_ACTION ITEM_
The expected output is an exact copy of each line from the line with "Beetlejuice Costume 1950S" through the end of the data below, with no pictures in it.

_RECORD EXTRACTS_
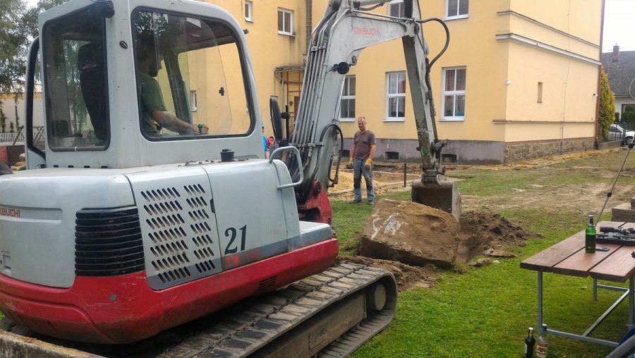 V sobotu 1.7.2017 se od 8:00 hodin konala na školním hřišti první veřejná brigáda zaměřená na rekonstrukci hřiště. Brigáda byla zaměřena na odstranění starých chodníků a přípravu podkladu pro nové chodníky. Současně byly vybagrovány některé staré nefunkční hrací prvky. Betonové základy byly opravdu poctivé a největší betóvnový kvádr, u kterého se zapotil i 3 tunový bagr, měl rozměr 1x1x1m. (do jámy po monolitu byl nasypán písek s vrchní vrstvou hlíny) Část starého chodníku byla z betonového monolitu o rozmětu cca 7x3m a tloušťce 30 cm. V části, kde stávaly kontejnery (přístavba se záchody) byla objevena podzemní místnost z cihel o hloubce asi 1,7m a půdorysu cca 3,5 x 1,6m. Na základech budovy přístavby byly vidět v podzemní místosti tři pilíře a klenby z cihel. Podzemní místnost, ve které bylo cca 15cm vody se sutí, sloužila v minulosti jako žumpa a byla natřená asfaltem. Podařilo se také bagrem vytáhnout kořen starého ořechu. Brigádnící během dne průběžně odcházeli, a práce nakonec skončily v 18 hodin. Celkem se účastnilo 12 dobrovolníků: bagrista Tonda, Petr Orieščík, Mudr. Vít Kašpárek, Václav Skuplík ml., Václav Skuplík st., David Závěšický, David Martínek, Tomáš Ondra, Patrik Knopp, Daniel Stibor, Radim Palzer a Martin Žůrek. Obecní úřad děkuje všem brigádníkům a panu Skuplíkovi st. za zapůjčení traktoru s vlečkou.
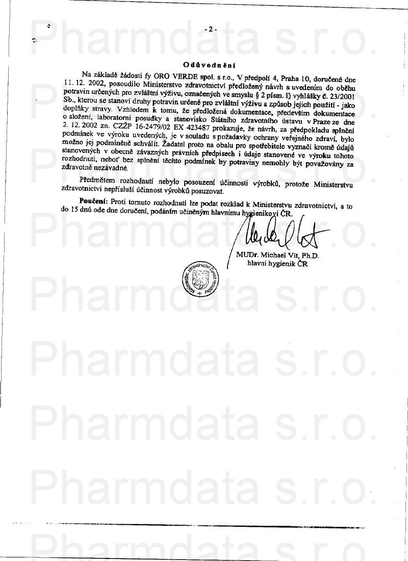 2 strany osvědčení hlavního hygienika: strana 1, strana 2,
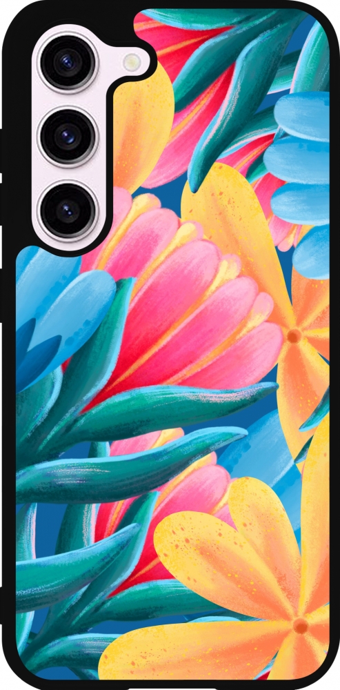 Samsung Galaxy S23 Case Hülle - Silikon schwarz Spring 23 colorful flowers
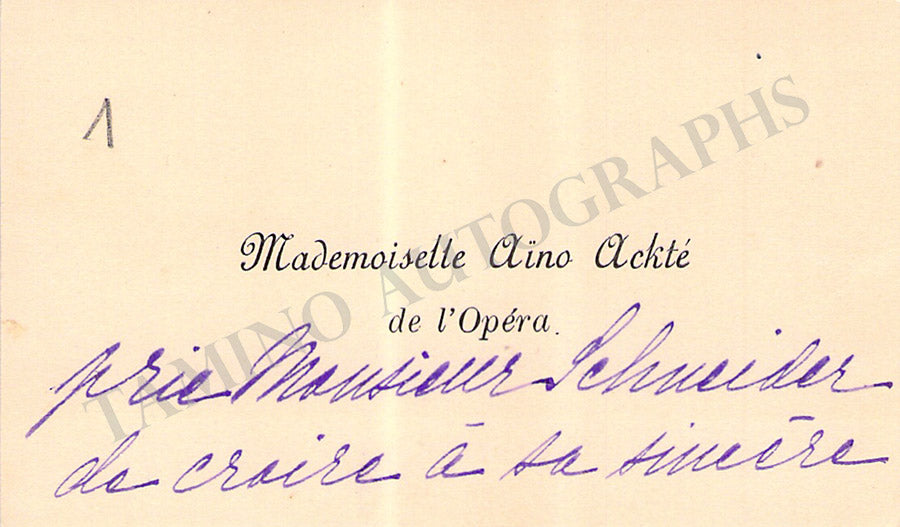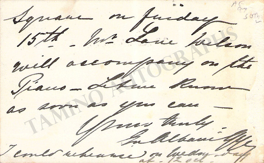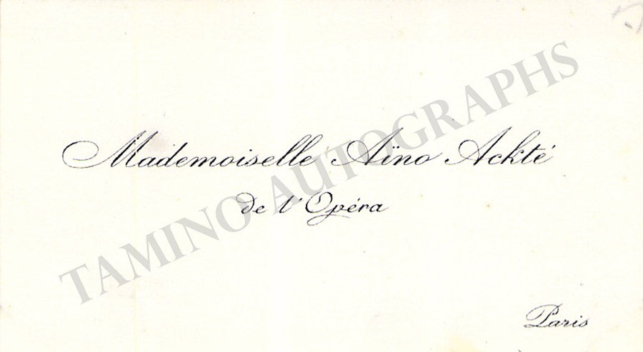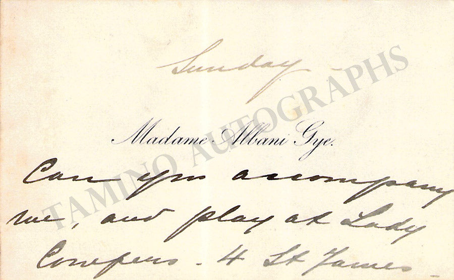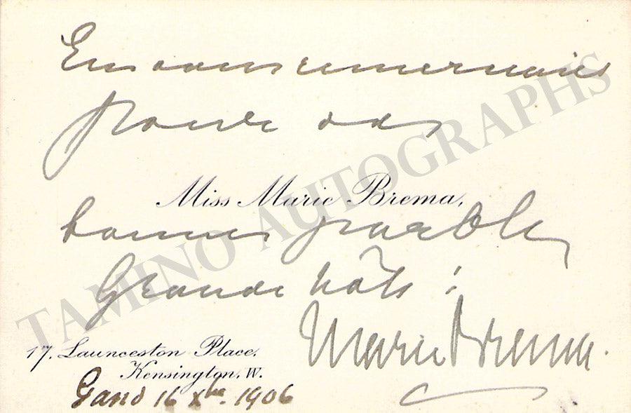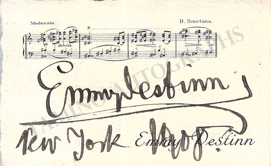 Her business card with a printed music quote from Smetana boldly signed by her dated 1908. Size is 4 x 2.5 inches, irregular borders, overall soft age-toning, mounting traces on verso, otherwise in excellent condition.
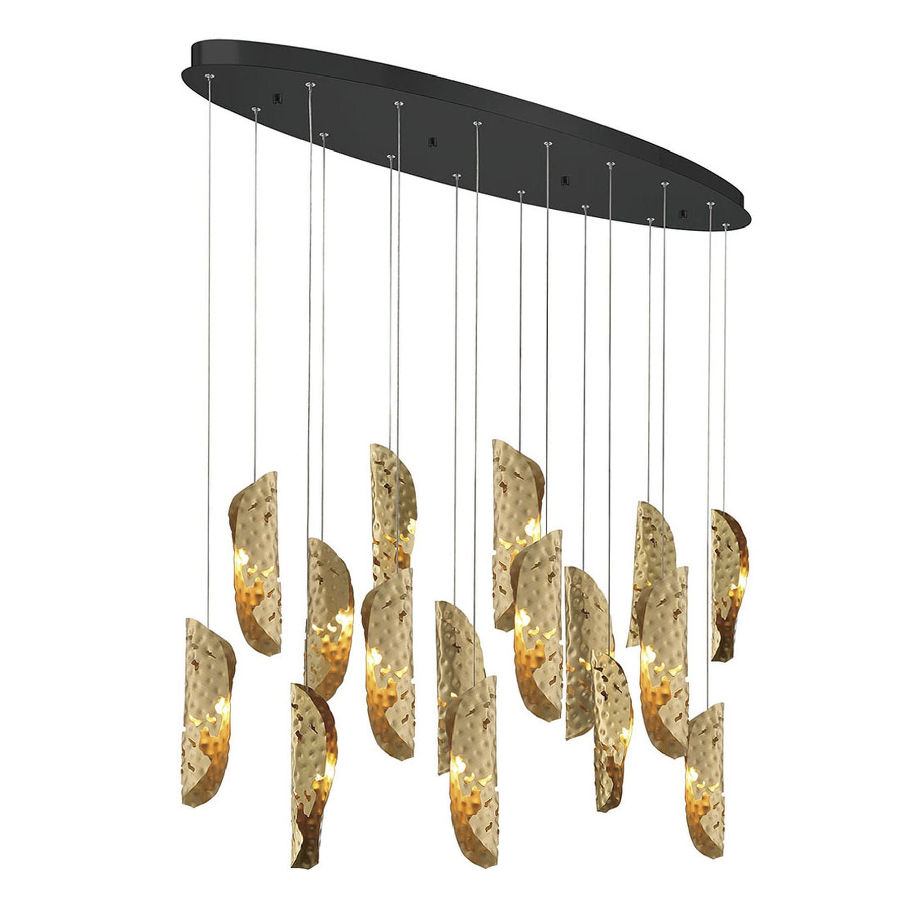 G4 LED - 3000K - 4360 Lumens - Sorrento, 16 Light Oval LED Chandelier, Copper, Black Canopy - 48"L x 14"W x 11"H (Overall Height: 156.5") - 27.5 lbs.
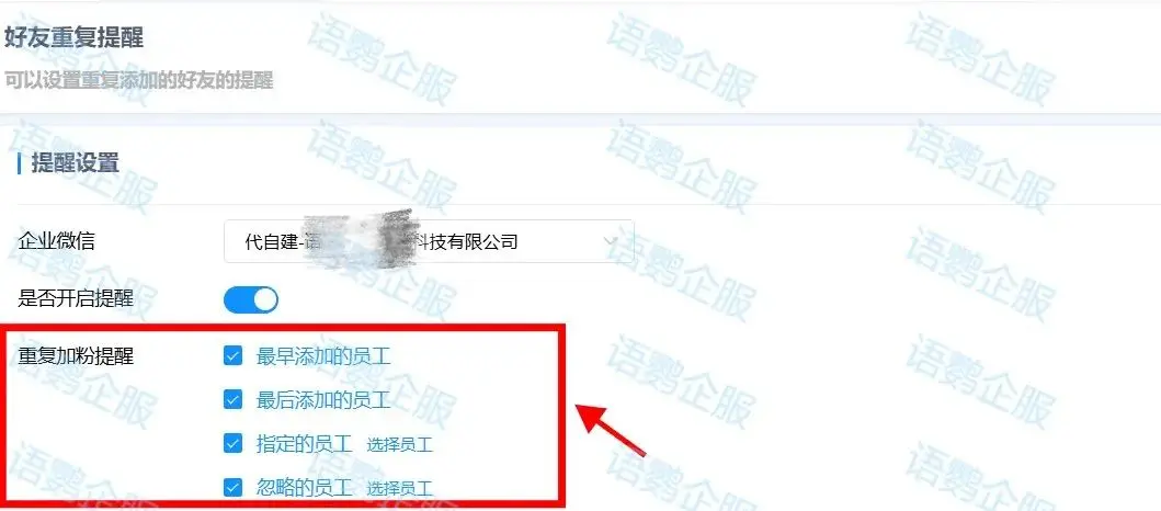 当企业微信中重复客户太多时,依靠员工一个个筛选会非常费时费力,所以企业可配置语鹦企服的【好友重复提醒】功能,避免企业人力资源的浪费。
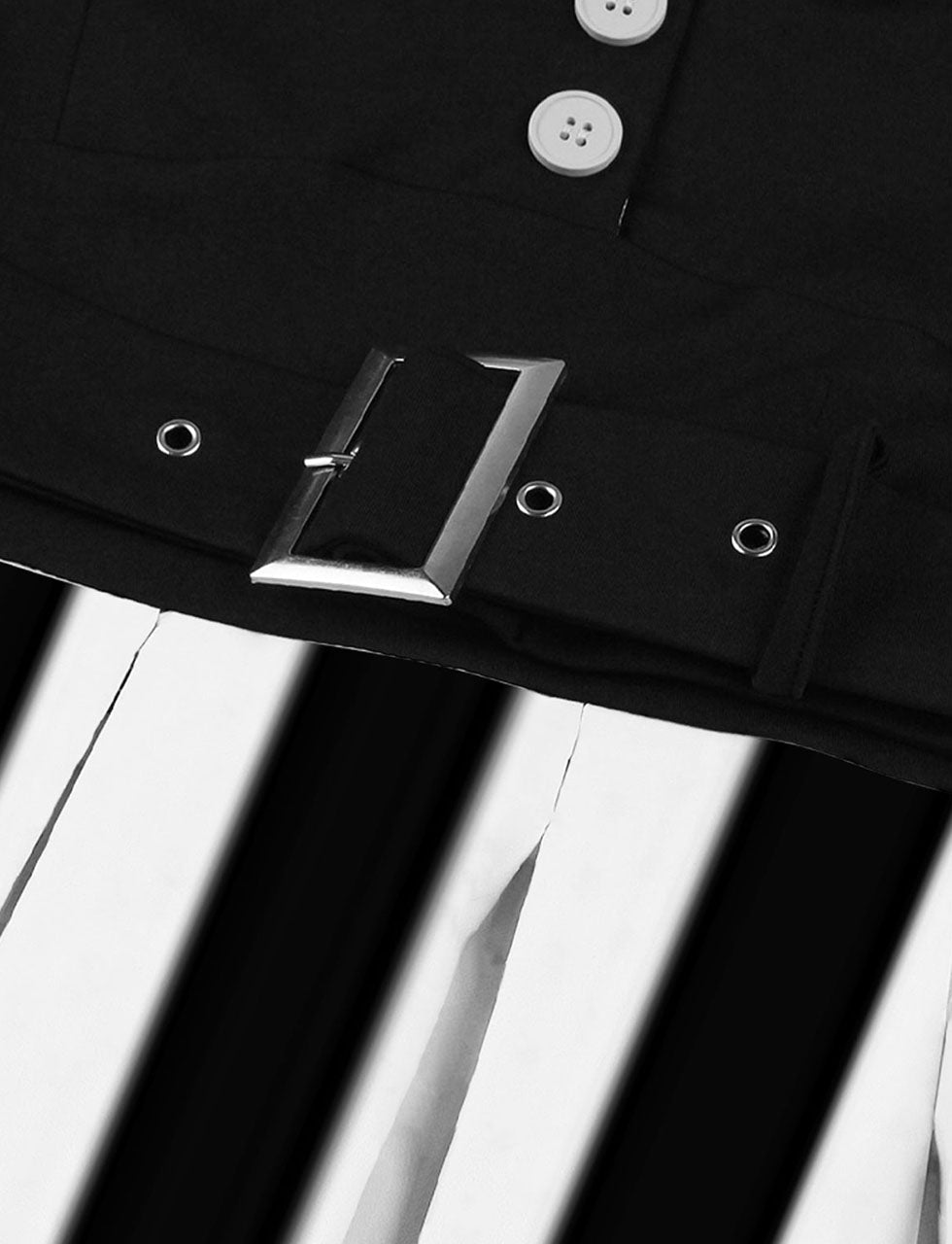 Beetlejuice Costume 1950S Short Sleeve Dress With Black and White Vertical Stripe
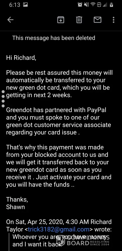 Refill money in a paypal but green dot keep the money and never credit it to my account
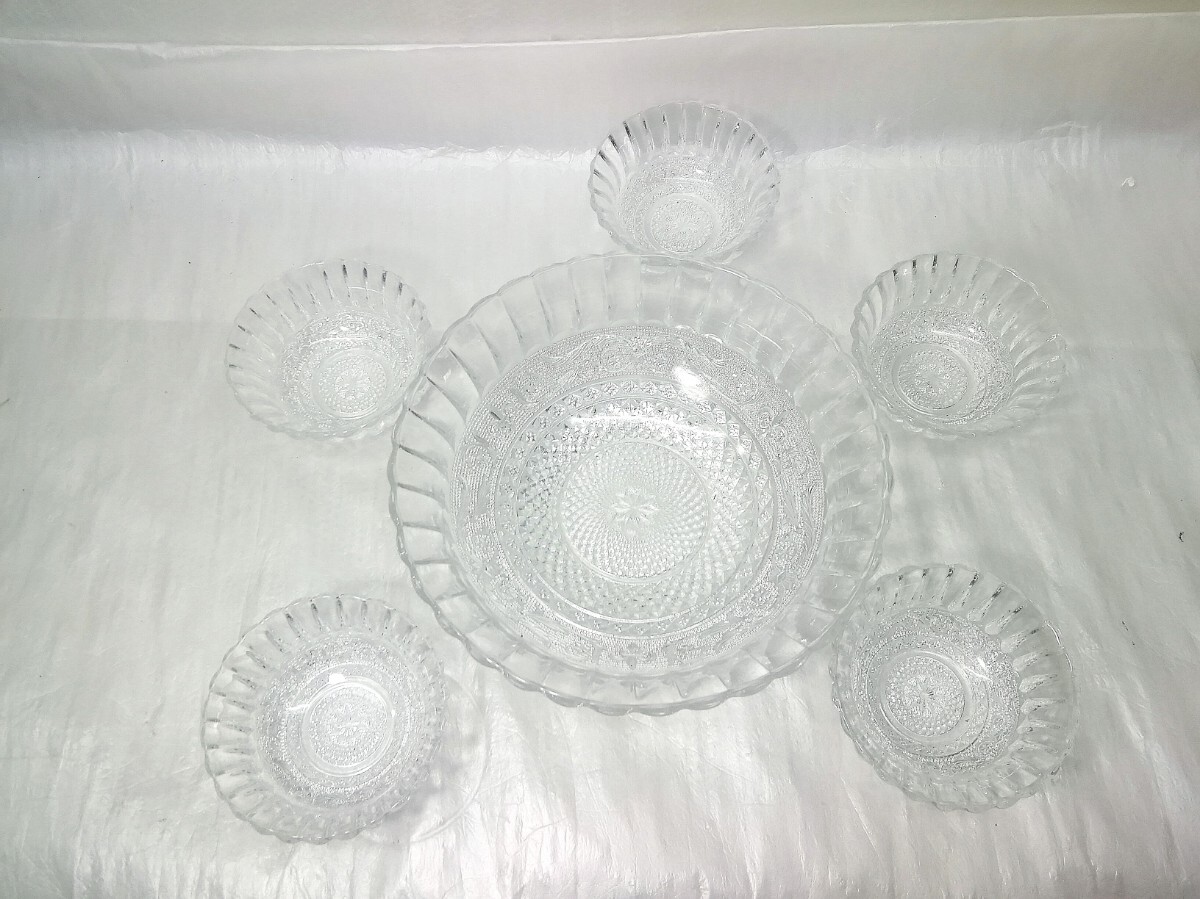> ガラスボウル 食器 大鉢・小鉢 5客揃 クリスタル 切子細工 サラダボウル サラダ ガラス鉢 フルーツ皿 盛鉢 アンティーク食器 ⑤
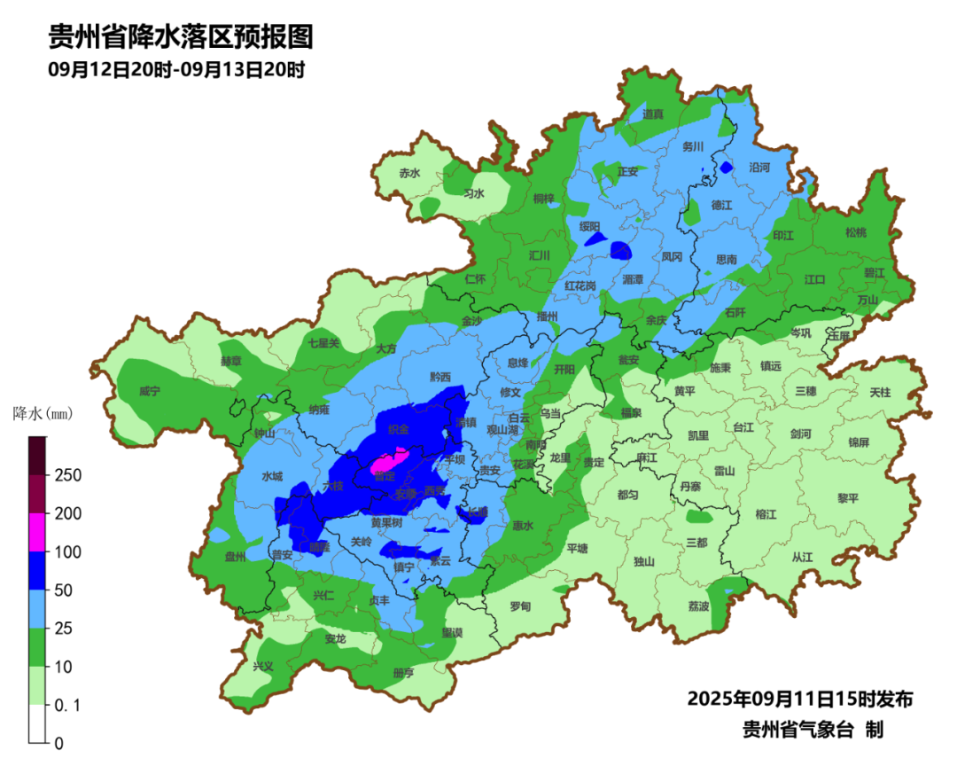 12日夜间到13日白天,省的中西部和北部地区阴天有阵雨或雷雨,雨量中雨,毕节市中南部、六盘水市东部、黔西南州北部、贵阳市西部和北部、安顺市、遵义市东部和南部、铜仁市西部的局部地区有大雨到暴雨,个别乡镇大暴雨,其余地区阴天间多云有分散阵雨或雷雨;

_RESULT_
 Beetlejuice Costume 1950S Short Sleeve Dress With Black and White Vertical Stripe
 Refill money in a paypal but green dot keep the money and never credit it to my account
> ガラスボウル 食器 大鉢・小鉢 5客揃 クリスタル 切子細工 サラダボウル サラダ ガラス鉢 フルーツ皿 盛鉢 アンティーク食器 ⑤
 12日夜间到13日白天,省的中西部和北部地区阴天有阵雨或雷雨,雨量中雨,毕节市中南部、六盘水市东部、黔西南州北部、贵阳市西部和北部、安顺市、遵义市东部和南部、铜仁市西部的局部地区有大雨到暴雨,个别乡镇大暴雨,其余地区阴天间多云有分散阵雨或雷雨;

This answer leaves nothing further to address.